Set down the data below without change, skipping the pictures it holds.

Start of Block

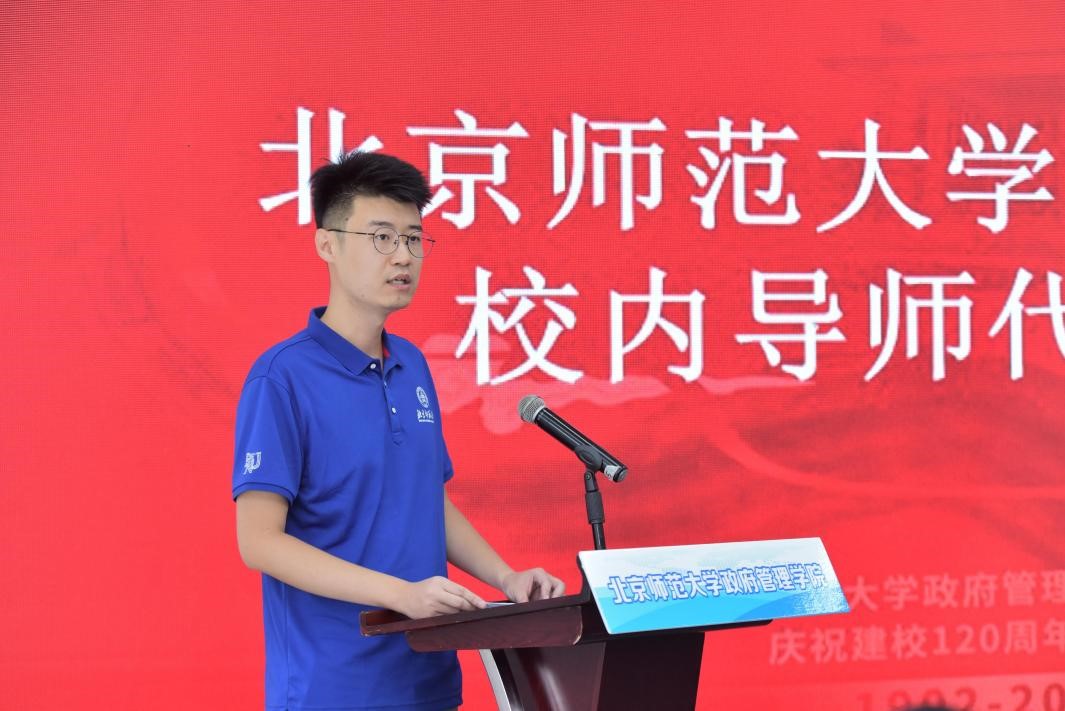 英国威廉集团官网讲师刘志鹏作为校内导师代表发言。刘志鹏老师向同学们提出要在接下来的学习中,有所得,有所思,有所乐。作为新时代的公共管理从业者,希望同学们秉持“学高为师,身正为范”的理念,把论文写在祖国大地上,做知识的汲取者,行业的领航者,实践的开拓者。
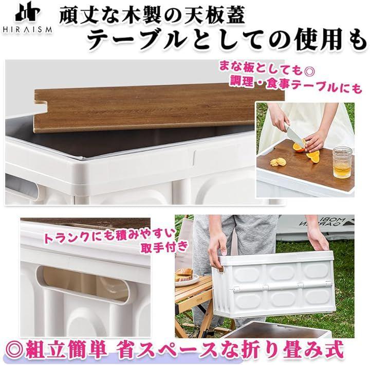 木蓋付きでアウトドア時の調理台や作業台としても、室内のおしゃれな収納スペースとしても大活躍。
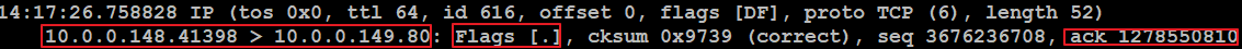 클라이언트 10.0.0.148에서 41398 포트를 통해 서버 10.0.0.149 80번 포트로 들어온 것을 확인 가능합니다.
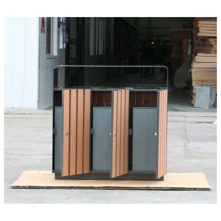 ถังขยะไม้3 in 1สำหรับกลางแจ้ง, ถังขยะรีไซเคิลขนาดใหญ่สำหรับใช้ในงานกลางแจ้งใช้ในถนน
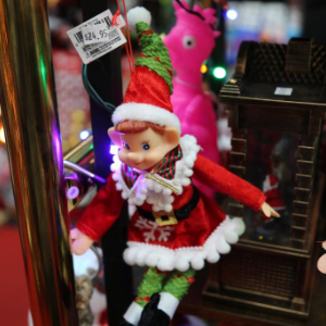 这是12月22日在美国纽约曼哈顿中城地区第七大道上的“圣诞小屋”礼品店内拍摄的“圣诞精灵”造型商品及其价签。新华社记者 刘亚南 摄
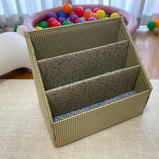 [イベント参加します]実家によく遊びに行くのですが、実家に置いておく用の子ども用品を買うのがもったいないので手作りしました。1枚目:牛乳パックと余り布で作った子ども椅子2、3枚目: 牛乳パックとダンボールと余り布で作った本棚
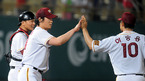 '2008 삼성 PAVV 프로야구' 우리 히어로즈와 KIA 타이거즈의 경기가 10일 목동구장에서 벌어졌다. 이 날 경기에서 우리는 2회말 송지만의 역전투런홈런과 8회말 7타점을 몰아치며 KIA를 10대 2로 꺾고 크게 승리했다. 경기를 마치고 2회말 역전투런홈런을친 송지만과 황재균이 하이파이브를 하고 있다./목동=민경훈 기자...

End of Block

EXERCISE SOLUTION:
 英国威廉集团官网讲师刘志鹏作为校内导师代表发言。刘志鹏老师向同学们提出要在接下来的学习中,有所得,有所思,有所乐。作为新时代的公共管理从业者,希望同学们秉持“学高为师,身正为范”的理念,把论文写在祖国大地上,做知识的汲取者,行业的领航者,实践的开拓者。
 木蓋付きでアウトドア時の調理台や作業台としても、室内のおしゃれな収納スペースとしても大活躍。
 클라이언트 10.0.0.148에서 41398 포트를 통해 서버 10.0.0.149 80번 포트로 들어온 것을 확인 가능합니다.
 ถังขยะไม้3 in 1สำหรับกลางแจ้ง, ถังขยะรีไซเคิลขนาดใหญ่สำหรับใช้ในงานกลางแจ้งใช้ในถนน
 这是12月22日在美国纽约曼哈顿中城地区第七大道上的“圣诞小屋”礼品店内拍摄的“圣诞精灵”造型商品及其价签。新华社记者 刘亚南 摄
 [イベント参加します]実家によく遊びに行くのですが、実家に置いておく用の子ども用品を買うのがもったいないので手作りしました。1枚目:牛乳パックと余り布で作った子ども椅子2、3枚目: 牛乳パックとダンボールと余り布で作った本棚
 '2008 삼성 PAVV 프로야구' 우리 히어로즈와 KIA 타이거즈의 경기가 10일 목동구장에서 벌어졌다. 이 날 경기에서 우리는 2회말 송지만의 역전투런홈런과 8회말 7타점을 몰아치며 KIA를 10대 2로 꺾고 크게 승리했다. 경기를 마치고 2회말 역전투런홈런을친 송지만과 황재균이 하이파이브를 하고 있다./목동=민경훈 기자...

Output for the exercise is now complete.